The Nazi way, the British way



Hans Frick, the Nazi German interior minister, made a speech that practically issued a prospectus for the Sudetenland crisis of the following year that was to lead to the Munich agreements. He stated that the time had come to settle the question of German speaking minorities in eastern European countries, in particular the large Sudeten minority in Czechoslovakia. Ominously he asserted that their future was tied up with Germans of the Reich itself. The German minorities were described as deserving special treatment because they were  “factors of order, constructiveness and loyalty”, which rather begged the question of where their loyalty lay. It also contained the suggestion that they were somehow superior to the majority, essentially Slavic populations.

British policy in Palestine was subjected to detailed questioning by the League of Nations Mandates Commission in Geneva. When it was put to William Ormsby-Gore, the British Colonial Secretary, that there was no clear policy as to the future, he elegantly played back the flimsy justification for British involvement, in practice rule: the mandate of the League itself. This, he claimed, meant that the League had to bear part of the responsibility. A British Royal Commission had advised partition into Jewish and Arab states and Orsmby-Gore rather thought that this would be the ultimate outcome, ignoring the fact that the World Zionist congress, also meeting in Geneva, had just voted against the proposal.


Dubious share offerings were costing British investors an estimated £5m per year and the Government set out its plans to act.
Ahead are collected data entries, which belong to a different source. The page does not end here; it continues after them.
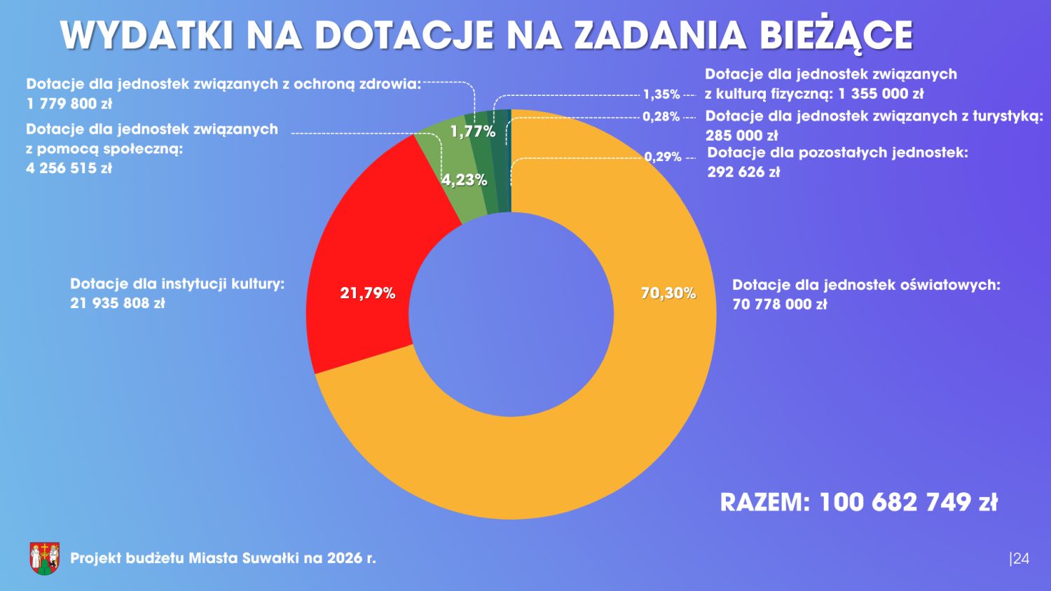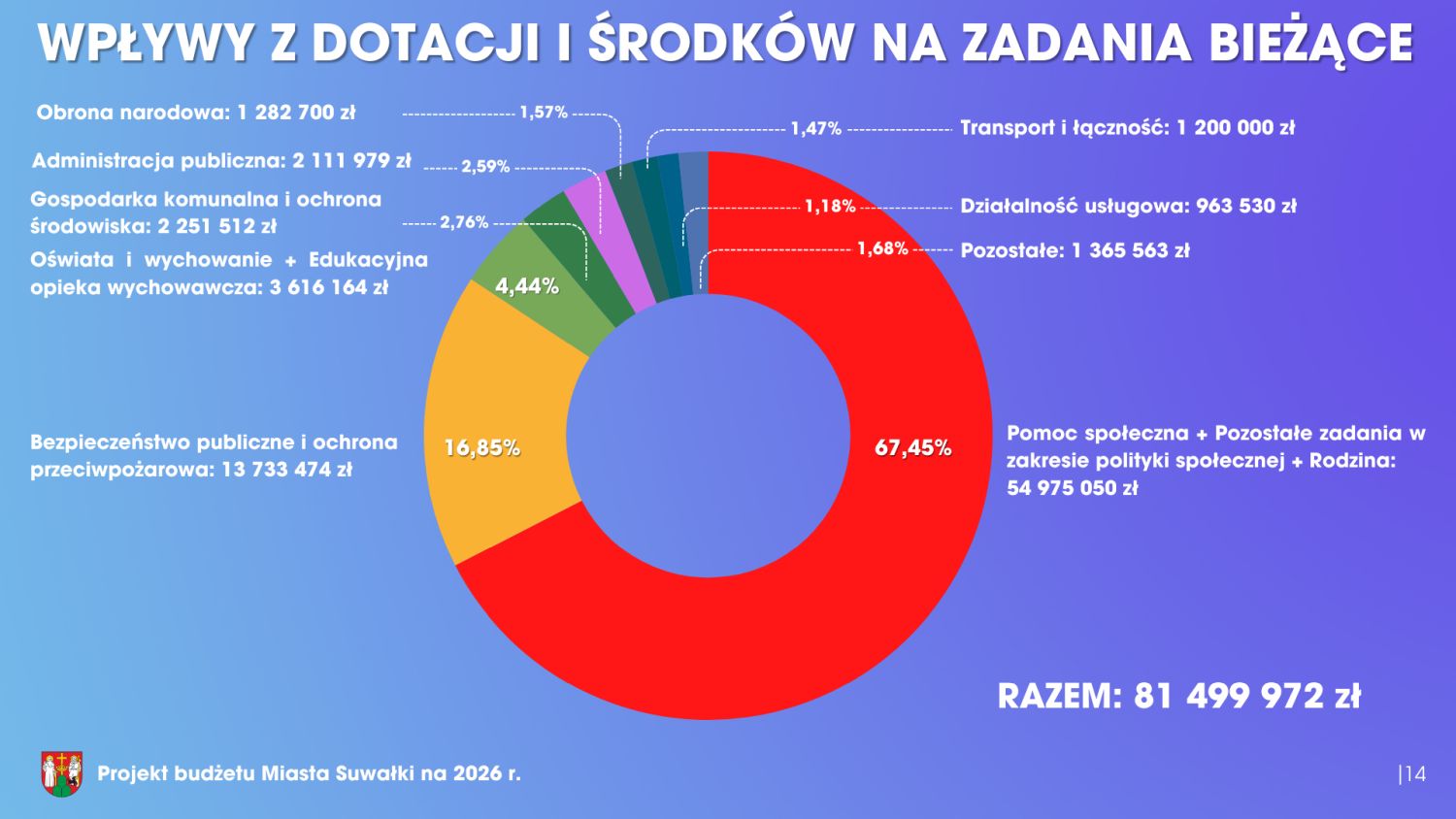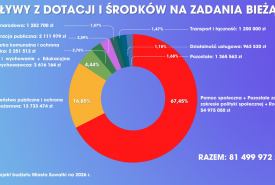W budżecie na 2026 rok konsekwentnie utrzymujemy obszary, które od lat traktujemy jako priorytetowe. Są to oświata, pomoc społeczna oraz wzrost wynagrodzeń. Na oświatę przeznaczamy 335 milionów złotych, co stanowi niemal 50% całego budżetu miasta. Na pomoc społeczną i pomoc rodzinie przeznaczamy ponad 113 milionów złotych, czyli prawie 17% budżetu miasta. Znaczące środki przeznaczamy również na sport, wspierając zarówno sport dzieci i młodzieży, działalność klubów sportowych, jak i rozwój infrastruktury sportowej. Nie zapominamy także o kulturze, zabezpieczając finansowanie miejskich instytucji kultury, wydarzeń kulturalnych oraz inicjatyw budujących tożsamość i aktywność lokalnej społeczności. Na podwyżki wynagrodzeń dla pracowników administracji i obsługi oraz nauczycieli zabezpieczyliśmy 10 milionów złotych. Można powiedzieć, że kwota ta nie jest wystarczająca, jednak obraliśmy właściwy kierunek. Jest to wyraźny sygnał, że inwestowanie w mieszkańców traktujemy jako klucz do dalszego rozwoju naszego miasta.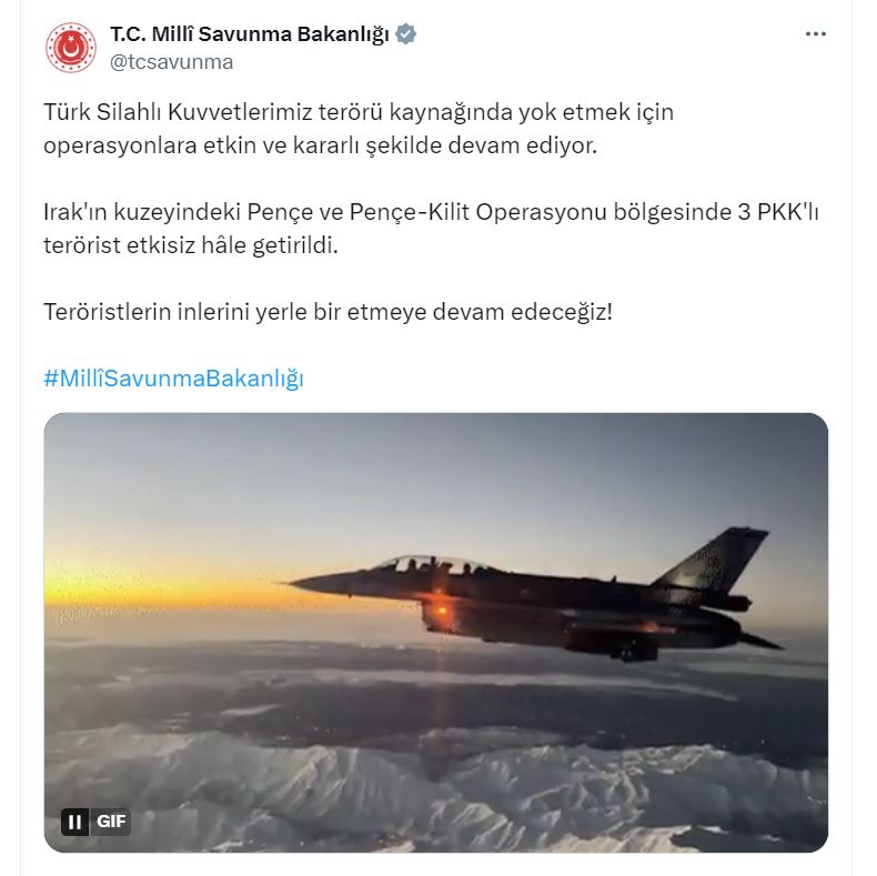 MİLLİ Savunma Bakanlığı (MSB), Irakın kuzeyindeki Pençe ve Pençe-Kilit Operasyonu bölgesinde 3 PKKlı teröristin etkisiz hale getirildiğini açıkladı.Bakanlığın sosyal medya hesabından yapılan açıklamada, “Türk Silahlı Kuvvetlerimiz terörü kaynağında yok etmek için operasyonlara etkin ve kararlı şekilde devam ediyor. Irakın kuzeyindeki Pençe ve Pençe-Kilit Operasyonu bölgesinde 3 PKKlı terörist etkisiz hale getirildi. Teröristlerin inlerini yerle bir etmeye devam edeceğiz” denildi.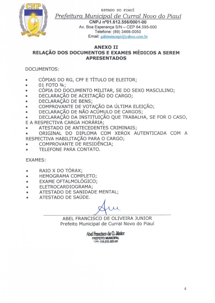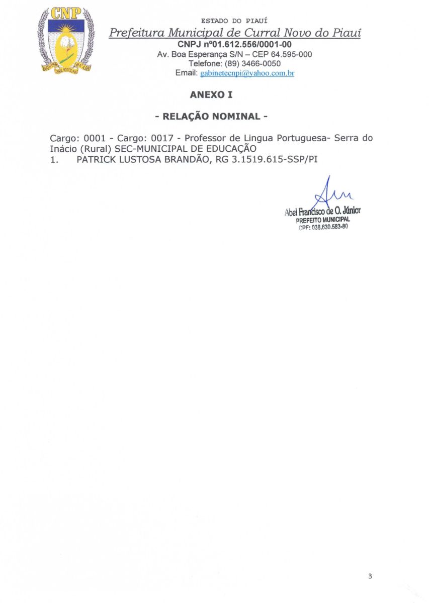A PREFEITURA MUNICIPAL DE CURRAL NOVO DO PIAUI CONVOCA O CANDIDATO APROVADO EM CONCURSO PÚBLICO Nº 001/2022.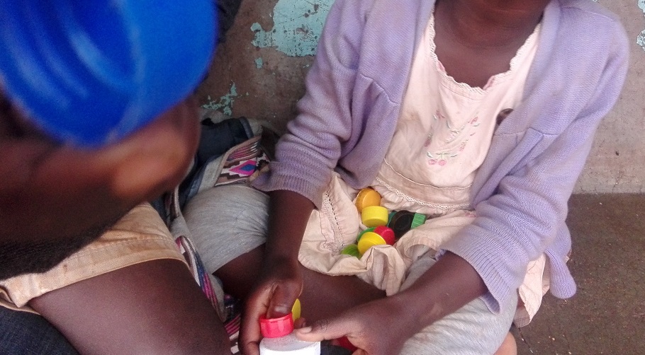 I try to mix it up a bit, like writing out the ABCs using a green crayon and keep asking them what color they’ve been using. And it’s been easy to mix the colors and counting with the lids.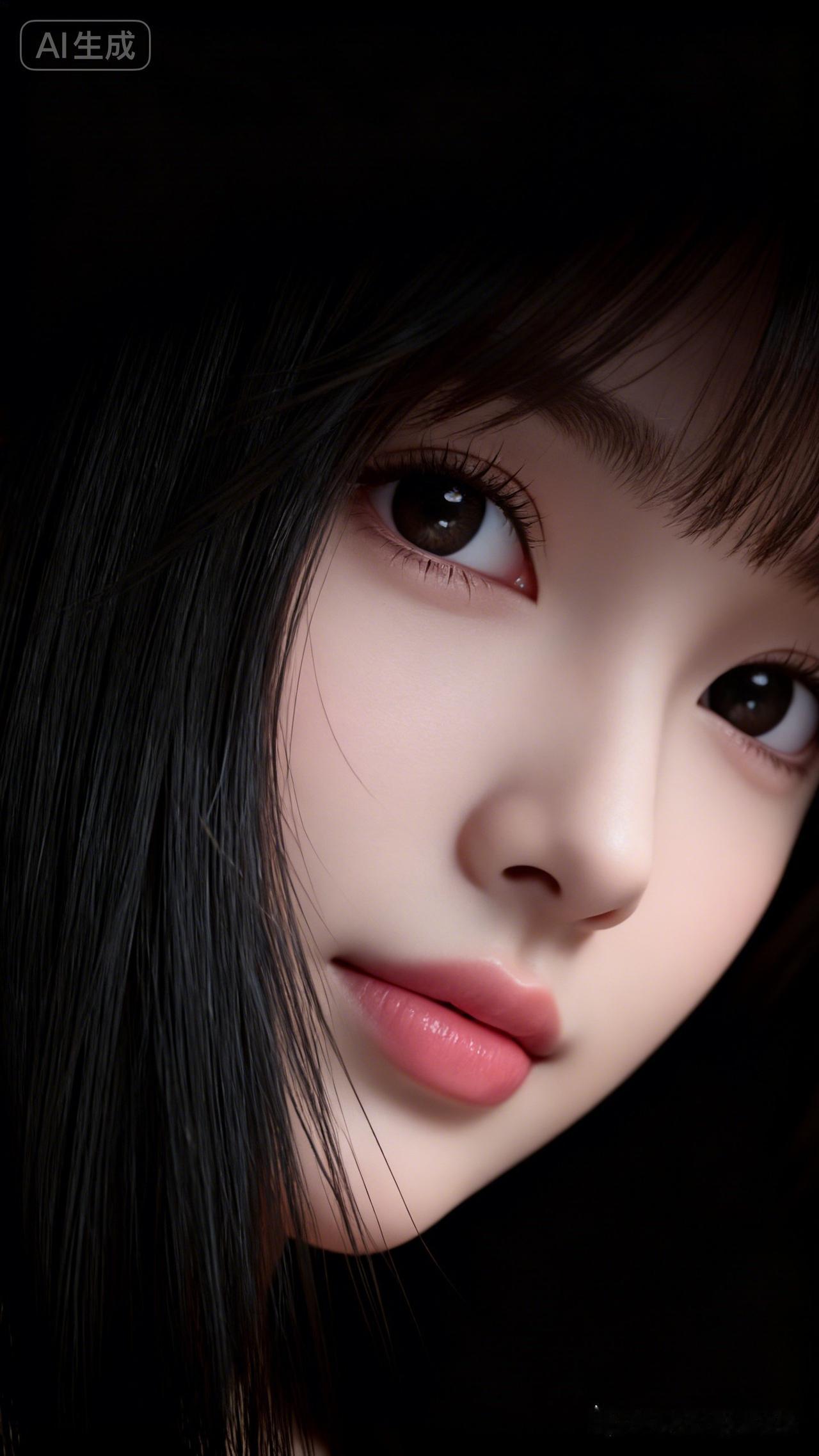 18岁少女绝美面部特写,哑光纯黑背景衬映。朦胧轮廓剪影交织,水润眼眸灵动坚定,唇瓣丰润饱满,发丝轻盈飘逸。压低整体光线,氛围感羞涩温婉,超精细CG质感,32K高清极致细节刻画。
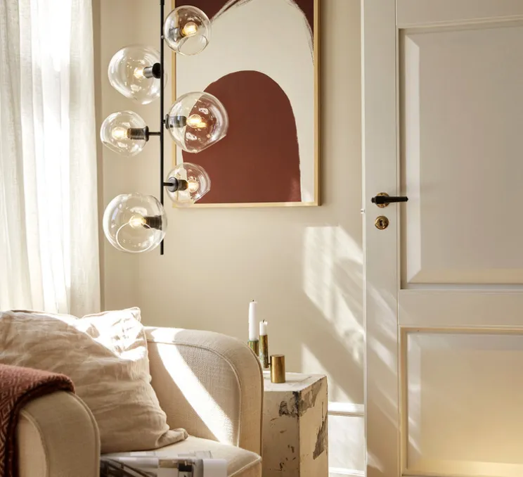 Avec son design original et élégant, la suspension Göte donne un second souffle au style scandinave avec des ambiances Art déco. Composée d’une structure en laiton et de six globes en verre transparent, elle offre un éclairage efficace sans éblouissement. Elle est idéale pour de nombreux espaces tels qu’une salle à manger, un salon ou encore une chambre.
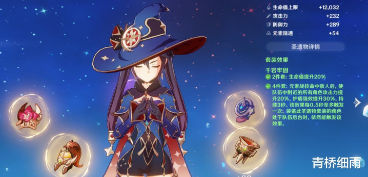 划重点:辅助莫娜的圣遗物不需要坐牢,妹纸建议小可爱们把宝贵的体力和“狗粮”资源给到C位角色身上,辅助莫娜的面板带【4千岩】充能也不是很看重,越高越好。但如果带【4宗室】,元素充能至少要达到210以上。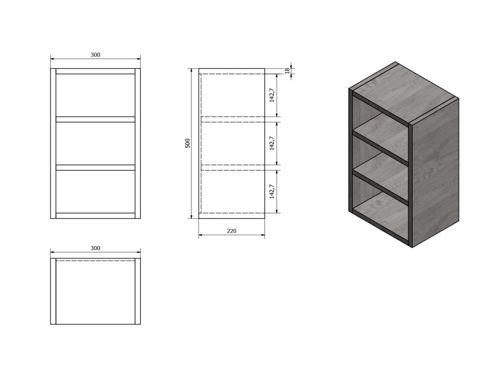 LATUS VI otevřená policová skříňka 30x50x22cm, bílá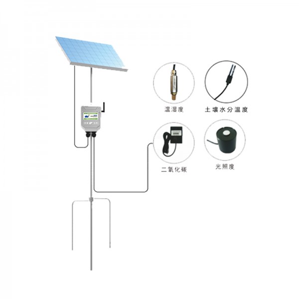 温度、湿度、光照强度、CO₂浓度、土壤温度、土壤水分 |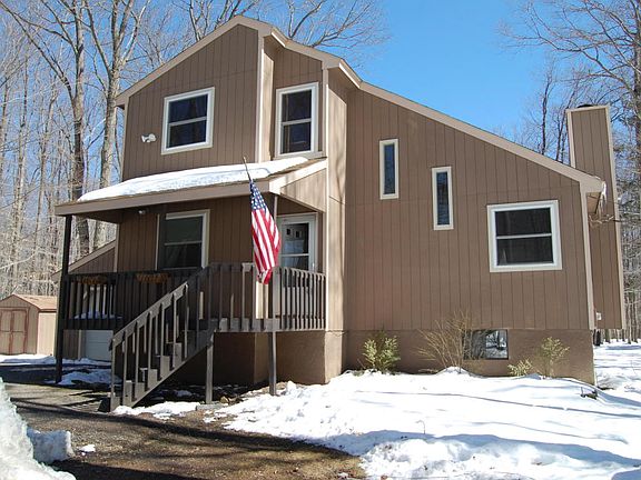 WOW! This 3 bedroom 2 bathroom Contemporary home has so much to offer! Beautiful open floor plan on the first floor with vaulted ceilings in both the living room and formal dining room with skylights letting in an abundance of natural light. Other features of this home include a stone fireplace, a partially finished basement, plenty of storage space, and oversized back deck, a 1 acre flat lot with a large back yard and fenced in garden area, and a garage with a built in room once used as a studio area! New, 20 year warrantied Pella 350 windows. Super great price with low taxes!
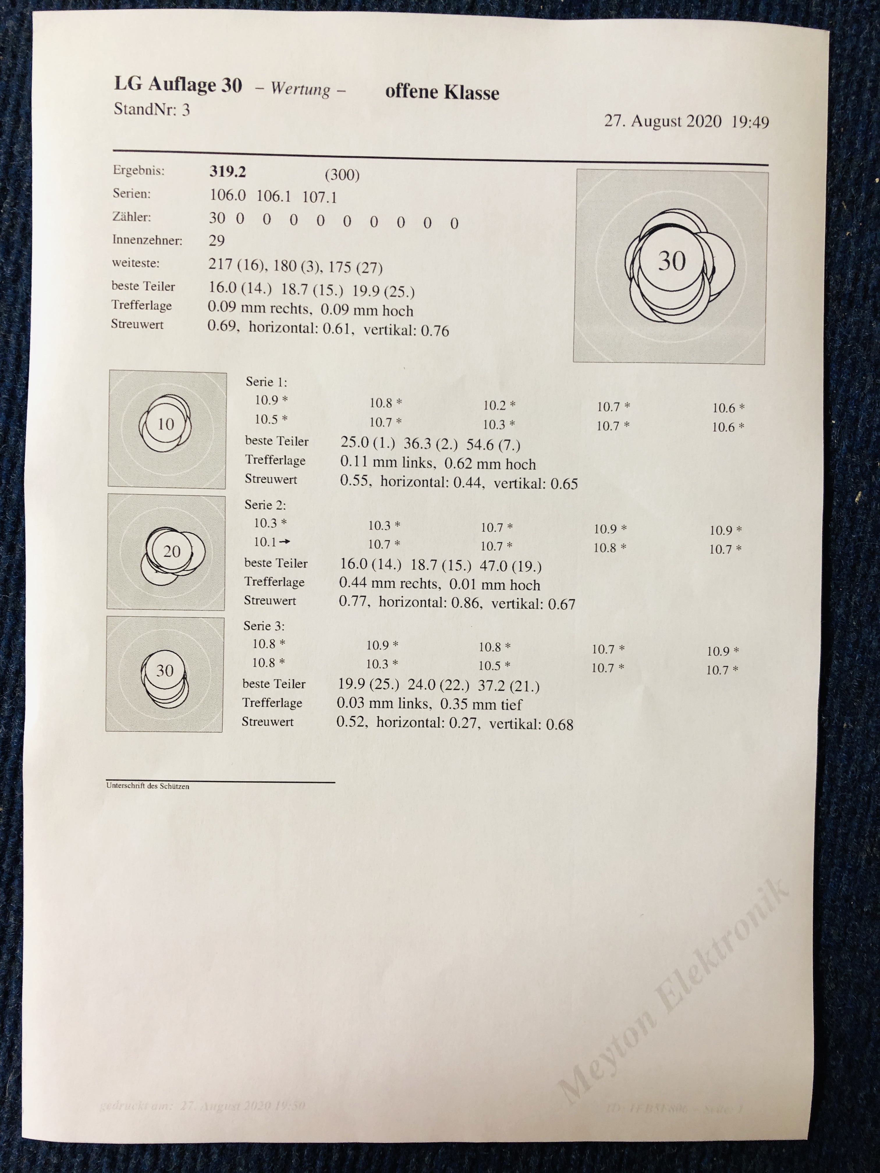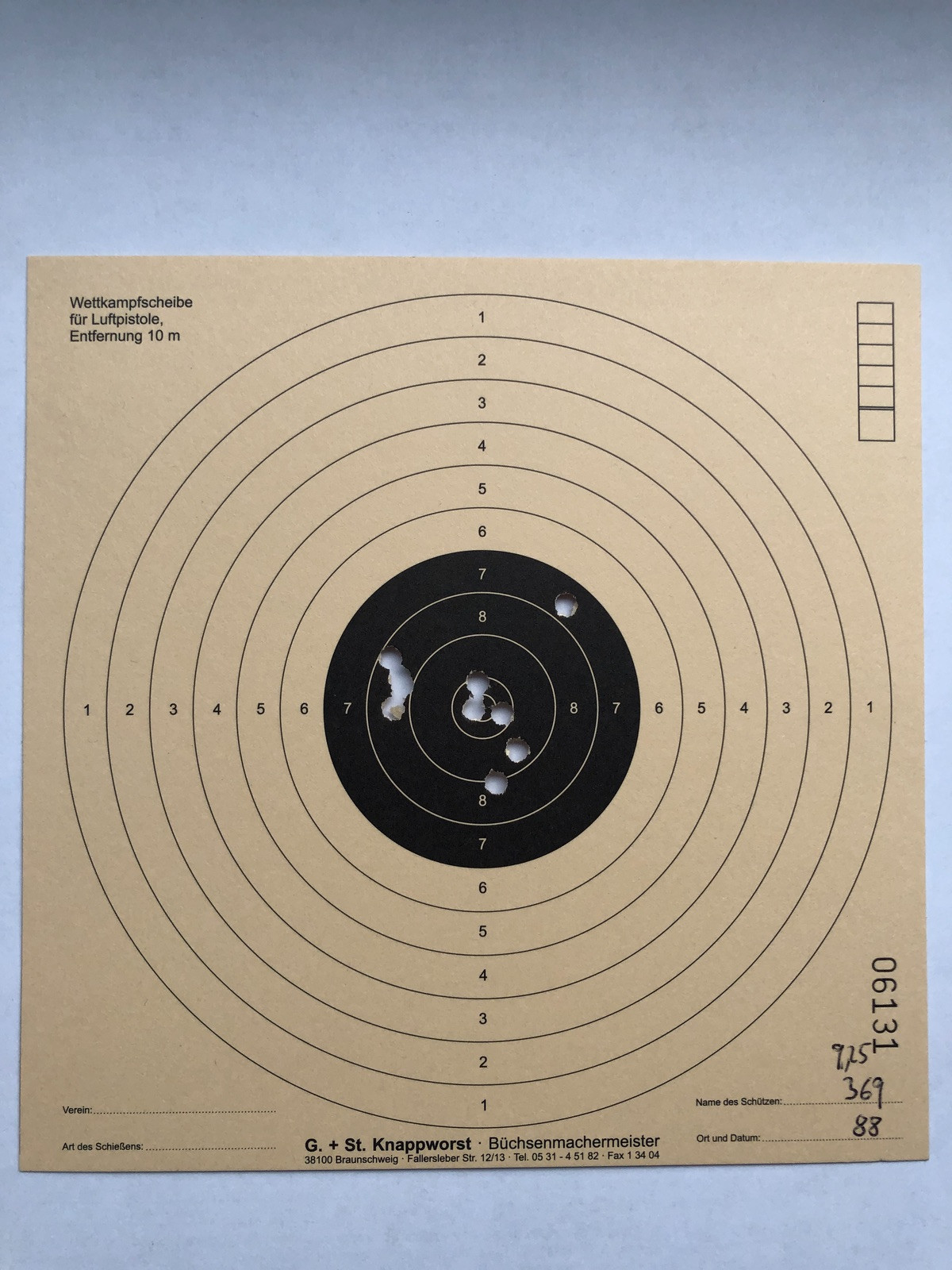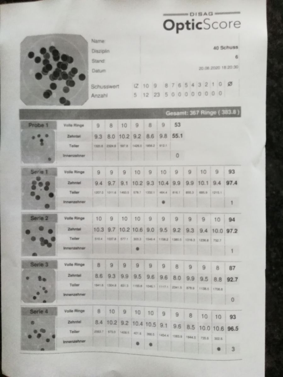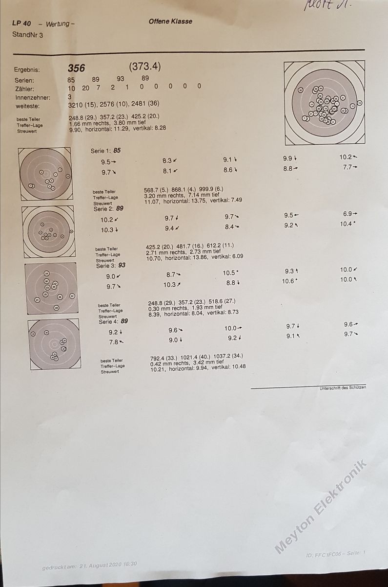 10m frei LP40 für August 358 Ringe. Meine persönliche Bestleistung.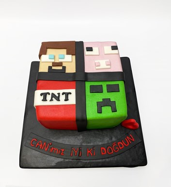 Mine Craft temalı şeker hamurlu tasarım butik doğum günü pastası

The “share pushers” forerunners of today’s Boiler-room operatives were to be curbed by insisting that only specially registered businesses were to be allowed to sell shares to the public. The threat of removal from the register alone was supposed to provide a sufficient deterrent against misconduct. Sceptics noted that the report did not cover the City of London, home to "reputable issuing houses" and concentrated on the Provinces. It was well received in mainstream financial circles.